Quant Meditations

What's next in easy-to-use BI? Biggle

Interesting idea from Gartner:

What's next in easy-to-use business intelligence? Gartner has a concept it calls "Biggle" -- the intersection of BI and Google. The idea is that the data warehousing software will be so sophisticated that it understands when different people use different words to describe the same concepts or products. It creates an index of related information -- á là Google -- and dishes relevant results out in response to queries.

In computer science, they refer to this capability as non-obvious relationship awareness. "Nobody's doing this yet," says Gartner's Beyer. Judging from the speed of recent advances in business intelligence, though, it may not be long before companies add the term "Biggling" to their tech lexicon.

Web Databases & Applications

During the dot-com boom, I used an online database creation and publishing service called Bitlocker to create a bug tracker for my start-up. At the time, we had 20 people using our Bitlocker based bug tracker spread over the US and India.

Bitlocker was an unique product at the time. It allowed you to create a collaborative web-based application without a lot of programming. They provided templates for applications like CRM, bug tracking, recipe management, employee review tracking, etc. It was sort of like FileMaker Pro for the web for free!

While Bitlocker was a WYSIWYG application, it exposed the underlying schema to the end-user and so you did need to know a little bit about databases to program with it. Also, modifying the structure or the UI was not simple and led to all sorts of data inconsistency issues.

The service eventually failed for the same reason many other dot-com companies died. It wasn't profitable.

Today, I think there are two interesting alternatives to Bitlocker.

First, there is Oracle's HTML DB. HTML DB was originally Oracle's answer to Microsoft Access. But in reality, it is so much more. You can use it to build complex and scalable applications very quickly. It does require a fair amount programming ability (SQL & PL/SQL) to do anything complex. BTW., it is free if you own an Oracle database.

Next there is JotSpot. JotSpot is very cool and simple. It is a web-based custom Wiki builder. You don't have to really think about data when you start building a JotSpot based application. It is ideal for collaborative tracking applications that involve unstructured data. BTW, it requires no programming skills.

The Long Tail - Overcoming the 80/20 Rule

Venture Blog has a very interesting note on the 80/20 rule based on an article from Wired.

The basic premise is that the 80/20 rule is dictated by physical constraints. Those constraints are removed when we move to alternate models enabled by the web. For example, Barnes & Nobles carries around 130,000 books based on what they believe will be the top selling books. On the other hand, 50% of Amazon's revenue comes books ranked lower than the top 130,000 books. Amazon does not have the same inventory constraints that Barnes & Nobles has and thus can carry many more books. Most of these don't sell many copies but each small sale adds up. This is the long tail.

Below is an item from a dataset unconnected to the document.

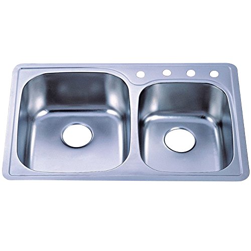 Kingston Brass Gourmetier GKTDD3322CH Studio Self-Rimming Double Bowl Kitchen Sink, Brushed Stainless Steel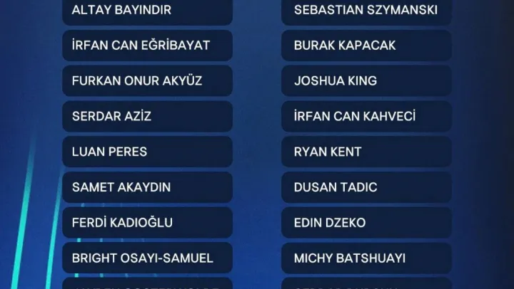 Altay Bayındır, İrfan Can Eğribayat, Furkan Onur Akyüz, Serdar Aziz, Luan Peres, Samet Akaydin, Ferdi Kadıoğlu, Bright Osayi-Samuel, Jayden Oosterwolde, Miguel Crespo, İsmail Yüksek, Mert Hakan Yandaş, Sebastian Szymanski, Burak Kapacak, Joshua King, İrfan Can Kahveci, Ryan Kent, Dusan Tadic, Edin Dzeko, Michy Batshuayi, Serdar Dursun, Efekan Karayazı, Bora Aydınlık.

The same can apply to business intelligence. The trend today is to provide users with pre-built reports. There are only so many pre-built reports that can be provided economically by an IT organization. On the other hand, BI tools such as Oracle Discoverer have evolved so that they are simple to learn and use while at the same time can be delivered over the web and managed centrally. I believe that we are at a point, where IT organizations should really consider empowering their end-users with more capabilities and thus serving the long tail.

PL/SQL Market Basket Analysis

DBMS_FREQUENT_ITEMSET is the the PL/SQL package that powers Oracle Data Mining's Association Rules engine which is used for market basket analysis.

This article by Lucas Jellema nicely outlines how to use this function.

SQL Regular Expressions

If you are a Perl, Python or Java developer, you already know the power of regular expressions. The good news is that Oracle 10g supports regular expressions. The syntax is slightly different from what you may have encountered before but it is very easy to adapt if you are already familiar with regular expression syntax.

Here is a very simple example of extracting the domain name from an e-mail address.

select regexp_substr('sshah@whizdog.com', '@([[:alnum:]]+[_|-|.]*[[:alnum:]]*)') from dual

which results '@whizdog.com' being returned.

For more info, please read this excellent article.

Computing Interquartile Range

There are two ways of measuring the spread of a data distribution. Standard Deviation measures the spread of a data distribution from the mean and is thus influenced by outliers. Interquartile Range (IQR) measures the spread of a data distribution from the median and is thus not influenced by outliers.

When you look at boxplots, the box represents the IQR.

The formula for IQR is simple:

IQR = Q3 - Q1

where Q3 is the 75th Quantile and Q1 is the 25th Quantile. You can used the SUMMARY function provided by the PL/SQL package DBMS_STAT_FUNCS to compute Q3 and Q1. Unfortunately, the DBMS_STAT_FUNCS package does not provide a way to subset the data.

So, today we will use SQL to compute Q3 and Q1. First, divide the data set into a high and low group split at the median. Q3 is the median of the high group and Q1 is the median of the low group.

The only catch is that if the data set has an odd number of values, we have to include the median of the entire data set in the high and low groups.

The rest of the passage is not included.